# Problem description
Your answer should be the full data, transcribed exactly, with no pictures in it.

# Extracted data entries
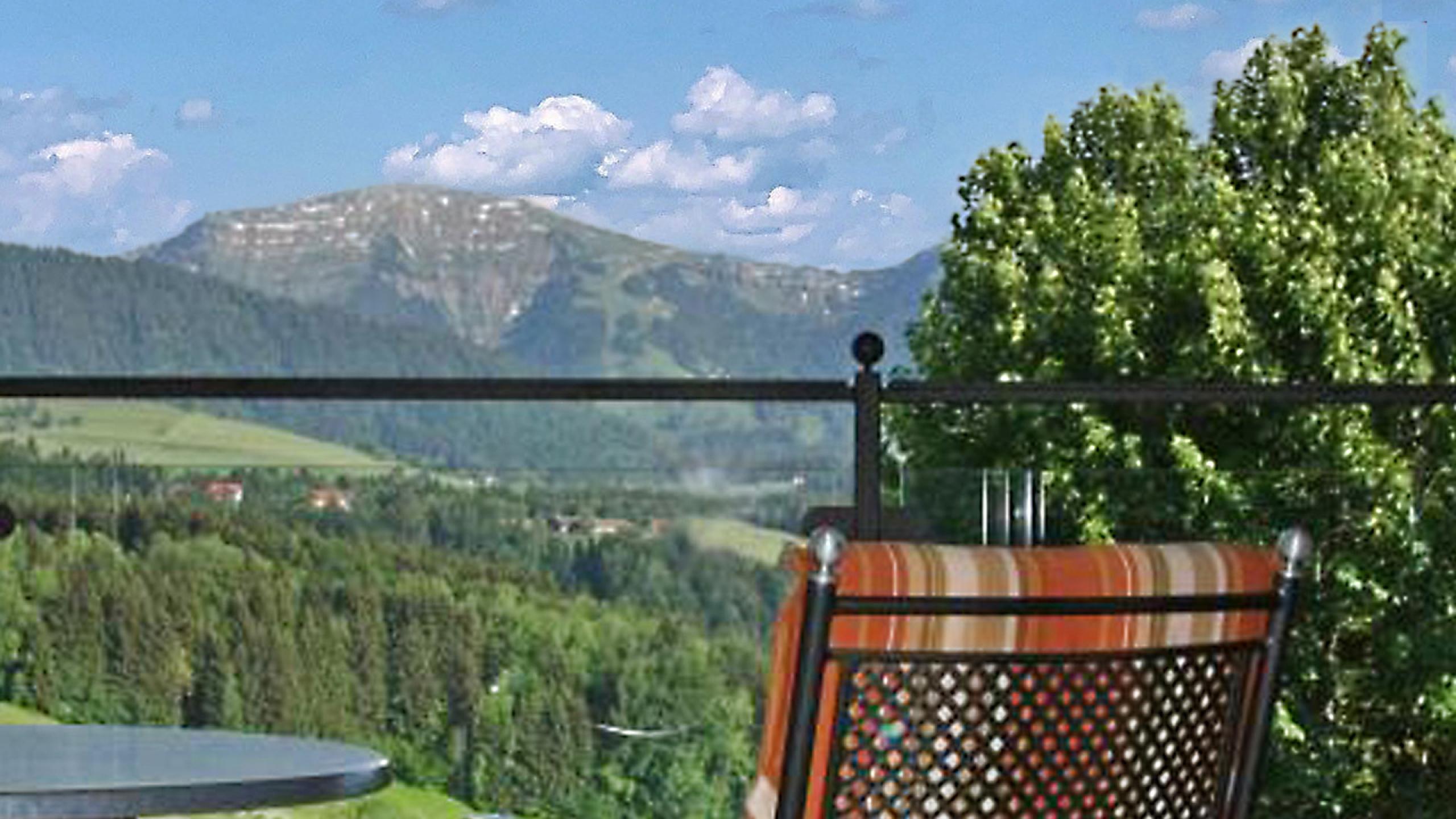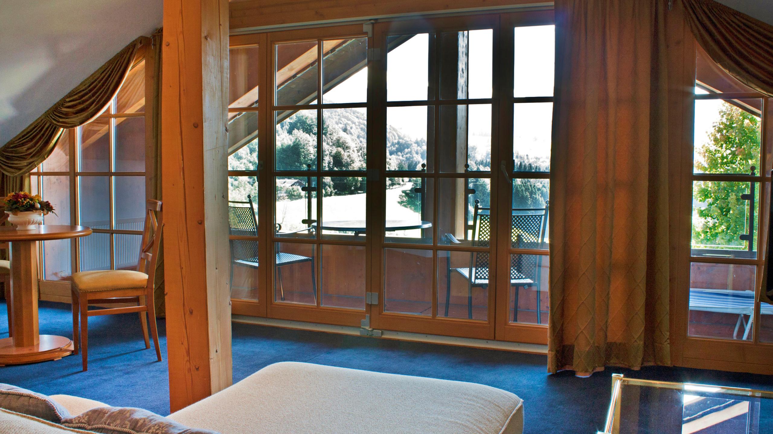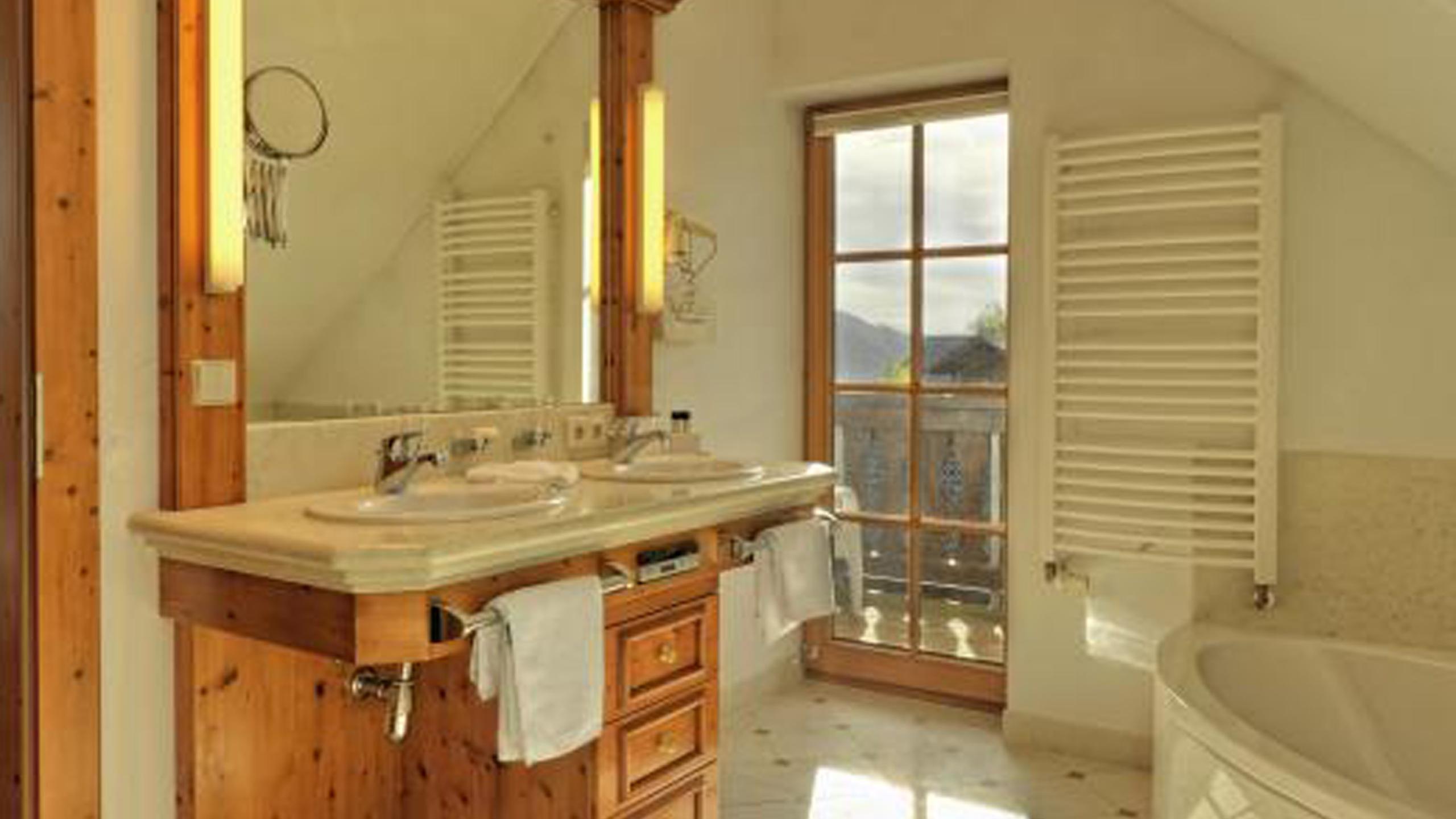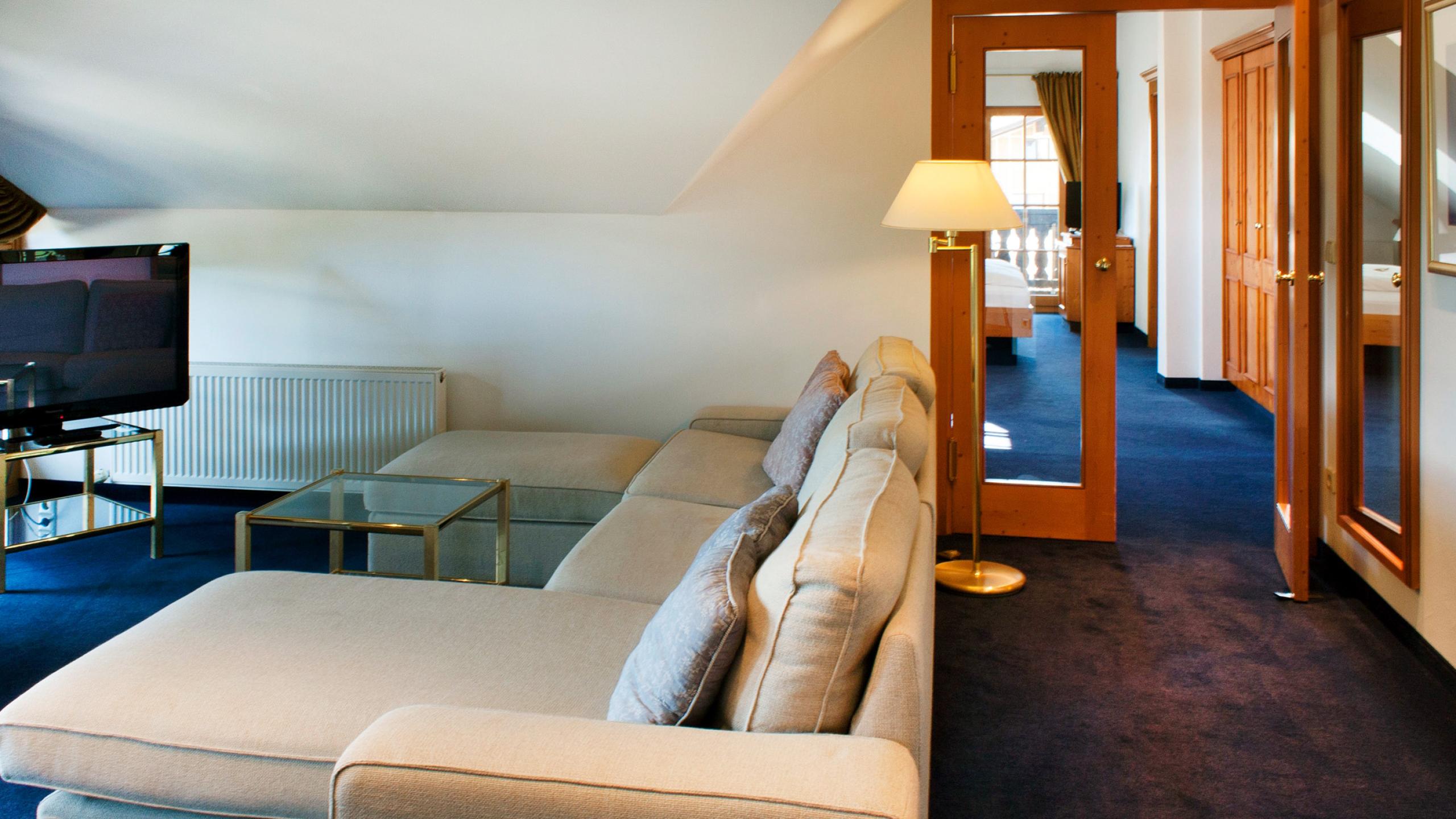 The King Ludwig suite is located on the top floor of the „Residenz“ building with a spacious living room and a large loggia with fantastic views of the iconic Hochgrat mountain. The bedroom features a balcony to the west. The suite has a large walk-in wardrobe as well as a small bedroom (size of the bed 0,90 m x 1,80 m). The spacious bathroom includes a large bathtub and a seperate shower. The King Ludwig suite can be occupied with 2 adults and 2 children.
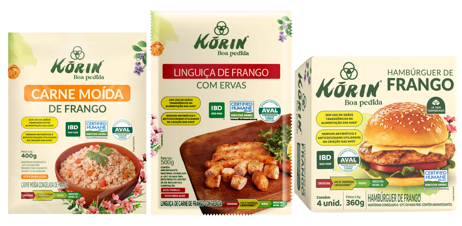Novos prosutos Korin-Korin-apresenta-Hamburguer-de-Frango-Linguica-de-Frango-com-ervas-e-Carne-Moida-de-Frango-da-linha-Boa-Pedida-em-nova-formulacao-e-embalagem-renovada-Foto-Korin
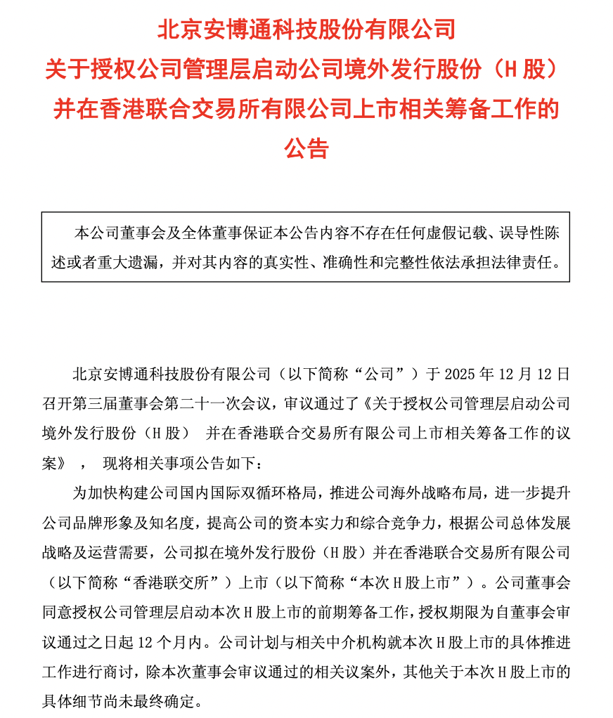 瑞財經 吳文婷 12月14日,安博通發布公告稱,公司于2025年12月12日召開第三屆董事會第二十一次會議,審議通過了《關于授權公司管理層啟動公司境外發行股份(H股) 并在香港聯合交易所有限公司上市相關籌備工作的議案》。
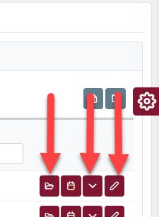 There are also buttons for changing the status of an existing template (arrow button), editing the template (pencil button), or uploading new files to the template (folder button).
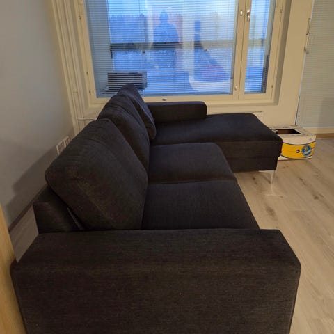Harmaa kulmasohva, jossa on vuode- ja säilytystila. Sohva muuntuu helposti vuoteeksi ja säilytystila on kätevästi sijoitettu. Sopii olohuoneeseen tai muuhun oleskelutilaan.
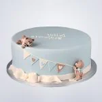 Нежный голубой торт с милыми медвежатами создает трогательную атмосферу праздника. Белоснежные облака и золотистые звезды гармонично дополняют композицию, напоминая о сказочном небе. Фигурки забавных медвежат в голубых шапочках вызывают умиление. Элегантная цветовая гамма и продуманные детали делают этот торт настоящим украшением детского торжества.
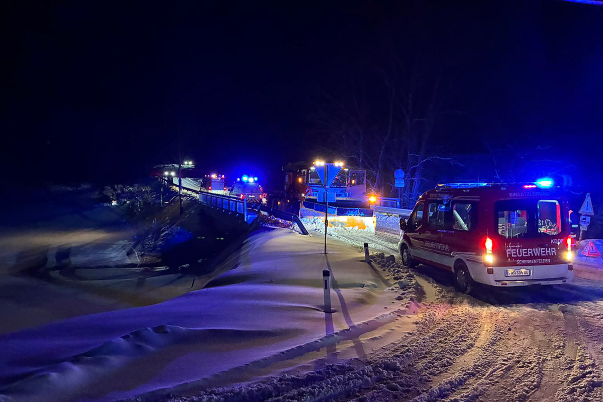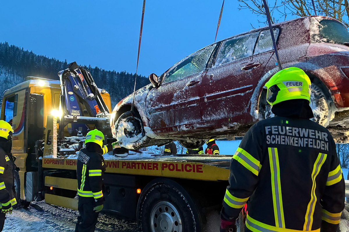 Am Freitagmorgen wurden die Feuerwehren Schenkenfelden und Königschlag zu einem Verkehrsunfall Aufräumarbeiten in die Kamplmühle alarmiert. Bei winterlichen Verhältnissen ist ein PKW von der Straße abgekommen und hat sich überschlagen. Der verletzte Lenker wurde durch das Rote Kreuz erstversorgt, mit Hilfe des Last-Kranfahrzeuges der FF Bad Leonfelden wurde der PKW vom Graben geborgen und einem Abschleppunternehmen übergeben. Die Straße war für den Zeitraum des Einsatzes für den restlichen Verkehr gesperrt. Etwa nach eineinhalb Stunden konnte die Einsatzbereitschaft wiederhergestellt werden.

# Reply to the task
 The King Ludwig suite is located on the top floor of the „Residenz“ building with a spacious living room and a large loggia with fantastic views of the iconic Hochgrat mountain. The bedroom features a balcony to the west. The suite has a large walk-in wardrobe as well as a small bedroom (size of the bed 0,90 m x 1,80 m). The spacious bathroom includes a large bathtub and a seperate shower. The King Ludwig suite can be occupied with 2 adults and 2 children.
Novos prosutos Korin-Korin-apresenta-Hamburguer-de-Frango-Linguica-de-Frango-com-ervas-e-Carne-Moida-de-Frango-da-linha-Boa-Pedida-em-nova-formulacao-e-embalagem-renovada-Foto-Korin
 瑞財經 吳文婷 12月14日,安博通發布公告稱,公司于2025年12月12日召開第三屆董事會第二十一次會議,審議通過了《關于授權公司管理層啟動公司境外發行股份(H股) 并在香港聯合交易所有限公司上市相關籌備工作的議案》。
 There are also buttons for changing the status of an existing template (arrow button), editing the template (pencil button), or uploading new files to the template (folder button).
Harmaa kulmasohva, jossa on vuode- ja säilytystila. Sohva muuntuu helposti vuoteeksi ja säilytystila on kätevästi sijoitettu. Sopii olohuoneeseen tai muuhun oleskelutilaan.
 Нежный голубой торт с милыми медвежатами создает трогательную атмосферу праздника. Белоснежные облака и золотистые звезды гармонично дополняют композицию, напоминая о сказочном небе. Фигурки забавных медвежат в голубых шапочках вызывают умиление. Элегантная цветовая гамма и продуманные детали делают этот торт настоящим украшением детского торжества.
 Am Freitagmorgen wurden die Feuerwehren Schenkenfelden und Königschlag zu einem Verkehrsunfall Aufräumarbeiten in die Kamplmühle alarmiert. Bei winterlichen Verhältnissen ist ein PKW von der Straße abgekommen und hat sich überschlagen. Der verletzte Lenker wurde durch das Rote Kreuz erstversorgt, mit Hilfe des Last-Kranfahrzeuges der FF Bad Leonfelden wurde der PKW vom Graben geborgen und einem Abschleppunternehmen übergeben. Die Straße war für den Zeitraum des Einsatzes für den restlichen Verkehr gesperrt. Etwa nach eineinhalb Stunden konnte die Einsatzbereitschaft wiederhergestellt werden.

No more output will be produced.